Мужики обалдело переглянулись. Приказ о прямом саботаже на собственной территории их удивил преизрядно.

— Так мне Ларсу Рафаэлю сказать, чтоб прислал других, поисполнительнее? — задал вопрос как бы в темень леса, размышляя сам с собой, этот явно непростой дедок. Оба диверсанта, не перемолвившись ни словом, растворились в лесу по разные стороны от дороги.

Цокнув языком, Велхо тронул телегу дальше к самолету. Возле широко раскинутых плоскостей двухмоторного древнего бомбардировщика он остановил свое транспортное средство. Лошадка тут же стала жевать траву на обочине летного поля.

— Здесь побудь, а я пока пойду найду коменданта аэродрома, — с этими словами старик ловко спрыгнул с борта подводы и исчез кустах, видимо, маскирующих землянку управления. — Надо, чтобы тебя немедленно отправили, а то как придет очередной запрет…

Вновь, будто все встреченные в этом лесу только в этом постоянно практиковались в свободное время, снова откуда-то, как из-под земли, выскочил молодцеватый офицер и подскочил к подводе, около которой разминался Ярослав, совершенно затекший после долгого сидения. Летчик пристально взглянул на своего будущего пассажира и обменялся парой реплик по-фински с кем-то в самолете. Затем он отдал честь и представился на русском языке с жутким финским акцентом:

— Капитан финских военно-воздушных сил Армас Эскола! Четвертый бомбардировочный полк!

Викторов, разглядывая этого очередного реконструктора, несомненно подошедшего чрезвычайно серьезно к делу, отметил отличное качество материала и большое количество воспроизведенных деталей мундира летчика. Первое, что бросалось глаза — темно синяя фуражка со здоровенной кокардой. В центре кокарды алым глазом сияла пуговичка с финским львом в обрамлении зеленых еловых ветвей. Над алым гербом раскинул крылья орел. Сам офицер был одет также в темно-синий френч, перетянутый коричневой кожаной портупеей с ремешком через правое плечо. Обязательные начищенные до зеркального блеска черные сапоги довершали не лишенный шарма и некоторой подчеркнуто подтянутой элегантности образ летчика. Хватало и знаков отличия. На синих погонах офицера цвели в ряд три цветка боярышника, а по обшлагу рукава сияли золотом три горизонтальные нашивки. Славке неприятно резануло взор наличие свастики на погонах, а также просто бросающийся в глаза приколотый на левом кармане довольно большой значок из белого металла и нанесенный на нем знак в виде той же черной свастики на синем фоне, контрастно расположенной внутри всей этой аляповатой эмблемы.

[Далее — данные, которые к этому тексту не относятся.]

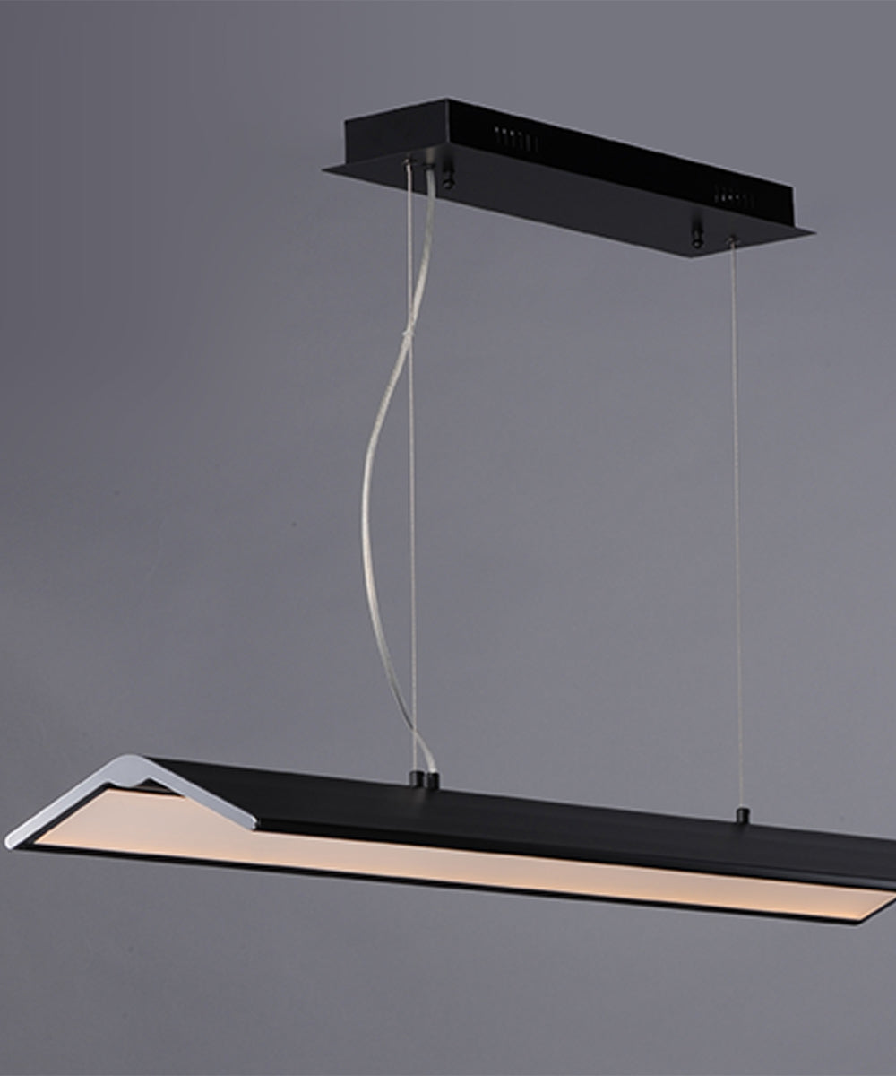 The Glider 46"L 1-Light LED Island Light Fixture by ET2 is a masterpiece of modern design, combining sleek aesthetics with functional brilliance. Its wings are crafted from extruded aluminum, encasing dual edge-lit LED panels that distribute light evenly to the surface below. The Black metal frame, accented with Polished Chrome end caps, creates a striking contrast that adds a touch of sophistication to any space.
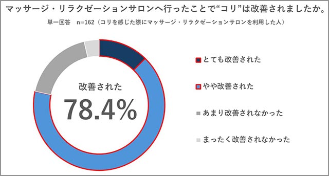 実際、コリを感じた際にマッサージ・リラクゼーションサロンを利用したことがある人にコリが改善されたかどうか聞いたところ、約8割の人が改善を実感していることが判明。
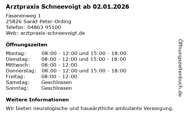 Branchen & Suchbegriffe zu Arztpraxis Schneevoigt ab 02.01.2026:02.01.2026, ab, allgemeinärzte, arztpraxis, schneevoigt, ärzte |

Чуть выше нее висел золотой значок в виде довольно крупного финского пятилепесткового цветка боярышника. «Судя по свастике, реконструкция финской формы времен ВОВ», — подумал, прикинув варианты, Славка. — «Но такого обилия свастик в тот период я даже не предполагал. Тем более у финнов. Или это летчик Дитля?».

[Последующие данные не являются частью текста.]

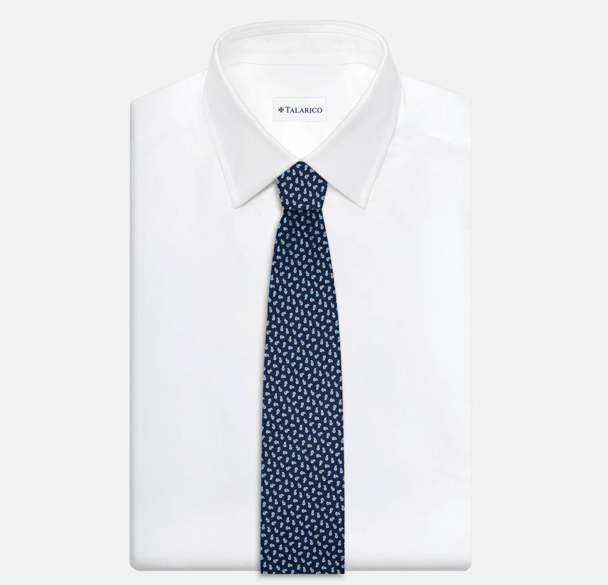 「3つ折り」ネクタイは、シルクで作られたクラシックなネクタイです。1メートルの生地から手作業で裁断・縫製し、隅から角まで3回折ります。イタリア コモ産のシルク生地を贅沢に使用しています。オールハンドメイドのため、大量生産をせず、1本1本に時間をかけて丁寧に作っています。1つの柄は4本しか作らないタラリコのこだわりがあり、世界での流通量には限りがあります。シルクの滑らかさとしっかりとした生地はノットを美しくみせ、最高の締め心地。そして、とてもエグゼクティブな印象をあたえます。
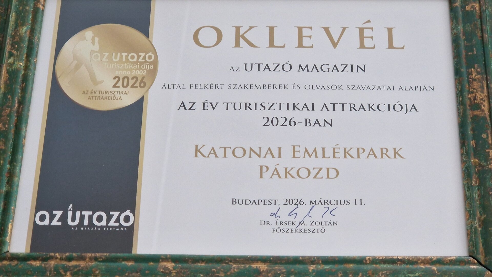 Nagy örömmel osztjuk meg, hogy a pákozdi Katonai Emlékpark elnyerte „Az év turisztikai attrakciója” címet Az Utazó magazin idei közönségszavazásán. Számunkra ez az elismerés különösen értékes, hiszen közvetlenül a látogatók visszajelzésein alapul. A díjat Budapesten, ünnepélyes keretek között adták át, ahol a hazai turizmus legjobbjait ismerték el. A díjazottak között szerepel még Székesfehérvár is, amely az év turisztikai városa lett.
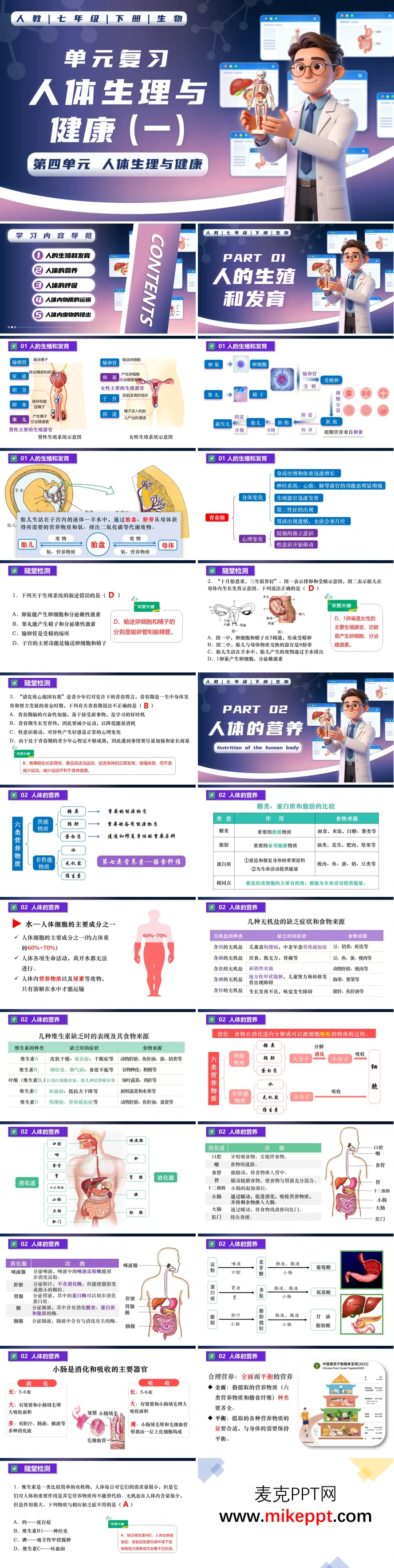 本复习课件针对人教版七年级下册生物第四单元"人体生理与健康(一)"进行系统性知识整合。内容架构涵盖五大核心模块:首先梳理人的生殖与发育,详解男女生殖系统解剖结构及功能差异,阐释胚胎发育历程与青春期身心特征演变;其次聚焦人体营养,归纳六大营养素生理功能与膳食来源,剖析消化系统器官协作机制,突出小肠在消化吸收中的核心地位;第三模块解析呼吸生理,从呼吸道结构到呼吸运动 mechanics,再到肺泡-血液界面的气体交换原理层层递进;第四部分围绕物质运输,整合血液组分、血管分类及心脏四腔结构,图解体循环与肺循环的双路径协同;最后回归排泄系统,阐明泌尿器官分工、尿液生成的滤过-重吸收机制及多元排泄途径。整套资源依托可视化图表、对比表格及阶梯式课堂检测,引导学生建立横向关联、纵向贯通的人体生理知识网络,深化对生命活动整体性的理解。

Славка, будучи в хоть и в старинной, но форме бойца РККА, машинально отдал честь и произнес в ответ в той же последовательности:

— Лейтенант войск противоздушной обороны Ярослав Викторов!

Они пожали друг другу руки. Финн улыбнулся. Предложил сигареты из смятой в кулаке пачки. Славка, как некурящий, очень вежливо отказался. Финн зажег сигарету и с видимым удовольствием выдохнул ароматным дымом.

— Вы тот русский, которого я должен сбросить за Пиетари? Должен отметить, нет ничего приятнее для пилота, чем выкинуть из своего самолета бойца противоздушной обороны, особенно без парашюта и пинком под зад!

С этими словами летчик оглушительно и очень заразительно засмеялся. Славка тоже поддержал своим хихиканьем этот своеобразный каламбур, удачно стилизованный под знаменитый финский юмор. Он уже понял, что его приняли за кого-то другого в этой исторической постановке. Викторов слышал о том, что, например, битвы наполеоновского периода воспроизводятся реконструкторами максимально приближенно к реальности. Со всеми детально имитированными мелочами военного и мирного быта. Анна с хутора абсолютно точно была актрисой, видимо, из какого-то финского или карельского театра — слишком красива, слишком отточено непринужденно себя вела. Целая индустрия, обслуживающая богатых бездельников и служащая основой для популярных телепередач, с успехом сейчас набирала обороты. Для таких дел заранее прописываются сценарии, камеры устанавливаются по возможности совершенно скрытно, чем достигается полное проваливание в избранную клиентом эпоху. У Славки сложилось впечатление, ставшее рабочей версией, что его приняли за представителя заказчика, для которого не совсем законно переправляют в Париж отреставрированную технику. И просто устроили такое вот шоу, с погружением в эпоху.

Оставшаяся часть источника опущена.